__What is needed__. What should be copied is the stretch of entries below from the line with "12月10日,温江区初中第二" up to and including the line with "9,000원/월이 서식은 [별지", exactly and without images.

<<<<

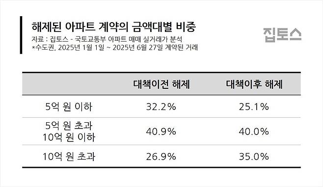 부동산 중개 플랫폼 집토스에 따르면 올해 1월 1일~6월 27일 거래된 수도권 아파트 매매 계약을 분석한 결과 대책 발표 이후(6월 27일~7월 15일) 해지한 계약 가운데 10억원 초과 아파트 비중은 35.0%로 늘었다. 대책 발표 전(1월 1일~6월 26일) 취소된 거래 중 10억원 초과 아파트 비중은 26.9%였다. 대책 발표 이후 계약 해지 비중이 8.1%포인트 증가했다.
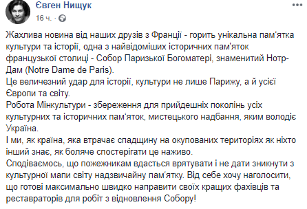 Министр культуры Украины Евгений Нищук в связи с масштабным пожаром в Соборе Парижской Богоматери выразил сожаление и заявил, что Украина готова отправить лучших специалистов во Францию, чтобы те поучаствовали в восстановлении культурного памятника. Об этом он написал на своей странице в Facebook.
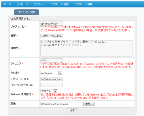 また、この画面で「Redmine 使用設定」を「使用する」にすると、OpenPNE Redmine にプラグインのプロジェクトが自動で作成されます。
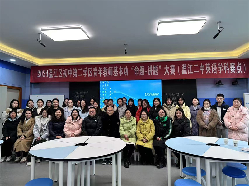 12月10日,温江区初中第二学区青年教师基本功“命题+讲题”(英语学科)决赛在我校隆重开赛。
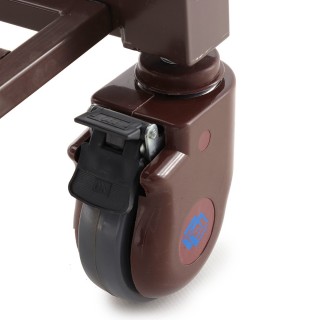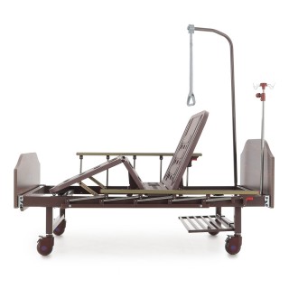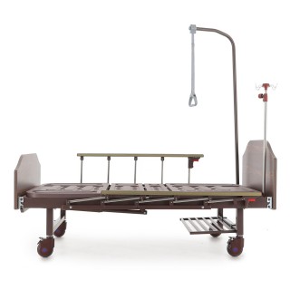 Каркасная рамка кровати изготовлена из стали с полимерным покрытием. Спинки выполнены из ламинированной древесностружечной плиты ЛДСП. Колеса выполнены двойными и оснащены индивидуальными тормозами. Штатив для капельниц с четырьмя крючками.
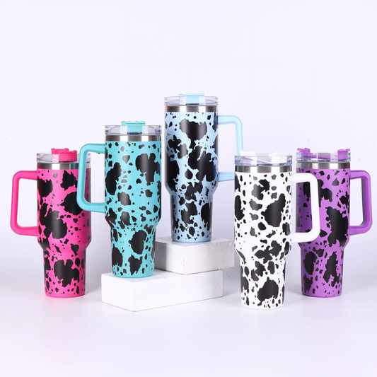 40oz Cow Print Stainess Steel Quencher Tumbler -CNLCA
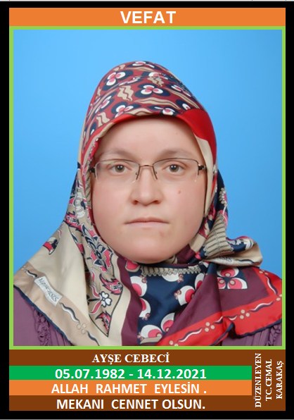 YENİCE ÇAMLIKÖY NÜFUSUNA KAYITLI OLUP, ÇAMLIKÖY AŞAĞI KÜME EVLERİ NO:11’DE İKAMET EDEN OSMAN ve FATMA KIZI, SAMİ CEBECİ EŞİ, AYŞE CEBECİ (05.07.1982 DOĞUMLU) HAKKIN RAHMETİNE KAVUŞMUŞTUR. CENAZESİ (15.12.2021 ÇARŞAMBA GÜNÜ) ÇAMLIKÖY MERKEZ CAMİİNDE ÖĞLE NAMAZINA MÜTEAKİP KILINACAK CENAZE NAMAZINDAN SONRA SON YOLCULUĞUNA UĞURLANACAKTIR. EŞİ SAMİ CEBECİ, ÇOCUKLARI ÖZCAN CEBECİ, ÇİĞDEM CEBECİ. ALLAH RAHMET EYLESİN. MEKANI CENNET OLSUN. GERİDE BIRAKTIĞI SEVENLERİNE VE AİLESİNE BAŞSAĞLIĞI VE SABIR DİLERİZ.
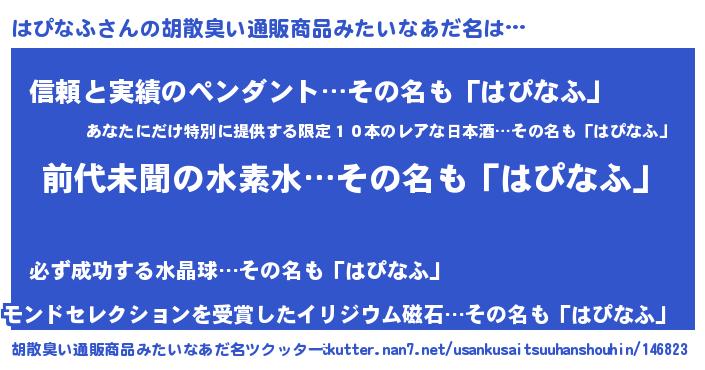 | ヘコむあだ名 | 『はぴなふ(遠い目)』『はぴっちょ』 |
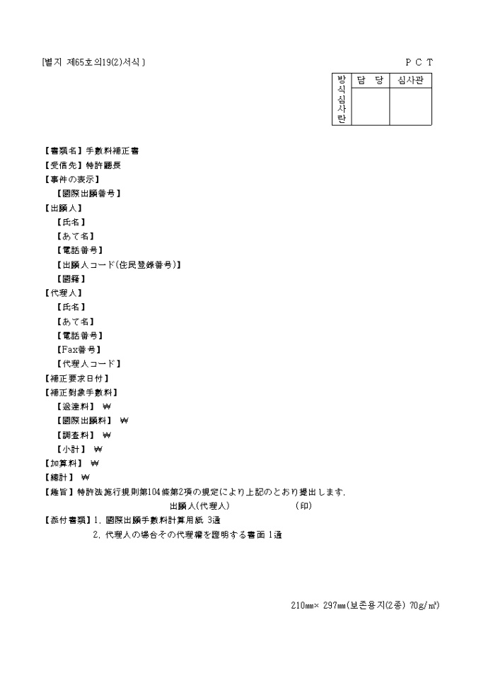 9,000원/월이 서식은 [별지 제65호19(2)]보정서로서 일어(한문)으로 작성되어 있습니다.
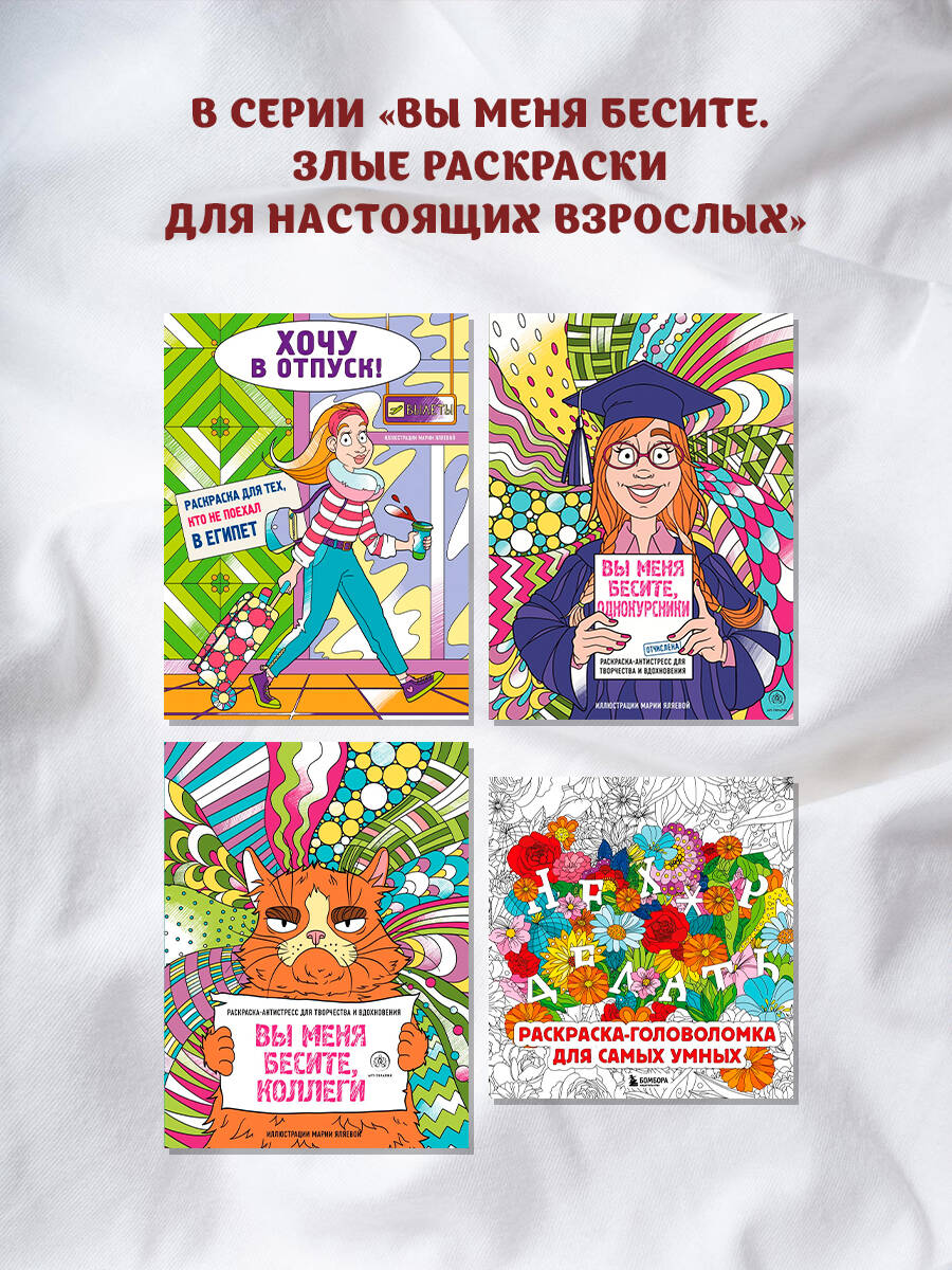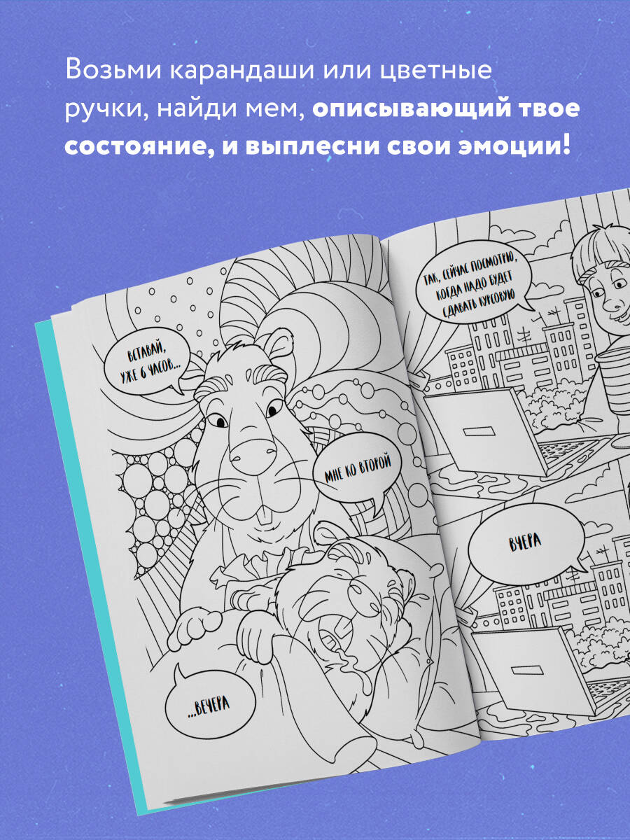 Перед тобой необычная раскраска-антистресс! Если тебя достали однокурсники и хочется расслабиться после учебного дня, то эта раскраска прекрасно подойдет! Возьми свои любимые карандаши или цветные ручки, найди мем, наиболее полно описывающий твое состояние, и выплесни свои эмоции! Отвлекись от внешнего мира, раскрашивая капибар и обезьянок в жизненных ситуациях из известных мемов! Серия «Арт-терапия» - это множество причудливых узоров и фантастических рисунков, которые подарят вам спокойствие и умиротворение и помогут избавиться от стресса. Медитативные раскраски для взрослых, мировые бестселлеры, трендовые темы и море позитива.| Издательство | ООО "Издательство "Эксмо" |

>>>>

__Answer section__.
 12月10日,温江区初中第二学区青年教师基本功“命题+讲题”(英语学科)决赛在我校隆重开赛。
 Каркасная рамка кровати изготовлена из стали с полимерным покрытием. Спинки выполнены из ламинированной древесностружечной плиты ЛДСП. Колеса выполнены двойными и оснащены индивидуальными тормозами. Штатив для капельниц с четырьмя крючками.
 40oz Cow Print Stainess Steel Quencher Tumbler -CNLCA
 YENİCE ÇAMLIKÖY NÜFUSUNA KAYITLI OLUP, ÇAMLIKÖY AŞAĞI KÜME EVLERİ NO:11’DE İKAMET EDEN OSMAN ve FATMA KIZI, SAMİ CEBECİ EŞİ, AYŞE CEBECİ (05.07.1982 DOĞUMLU) HAKKIN RAHMETİNE KAVUŞMUŞTUR. CENAZESİ (15.12.2021 ÇARŞAMBA GÜNÜ) ÇAMLIKÖY MERKEZ CAMİİNDE ÖĞLE NAMAZINA MÜTEAKİP KILINACAK CENAZE NAMAZINDAN SONRA SON YOLCULUĞUNA UĞURLANACAKTIR. EŞİ SAMİ CEBECİ, ÇOCUKLARI ÖZCAN CEBECİ, ÇİĞDEM CEBECİ. ALLAH RAHMET EYLESİN. MEKANI CENNET OLSUN. GERİDE BIRAKTIĞI SEVENLERİNE VE AİLESİNE BAŞSAĞLIĞI VE SABIR DİLERİZ.
 | ヘコむあだ名 | 『はぴなふ(遠い目)』『はぴっちょ』 |
 9,000원/월이 서식은 [별지 제65호19(2)]보정서로서 일어(한문)으로 작성되어 있습니다.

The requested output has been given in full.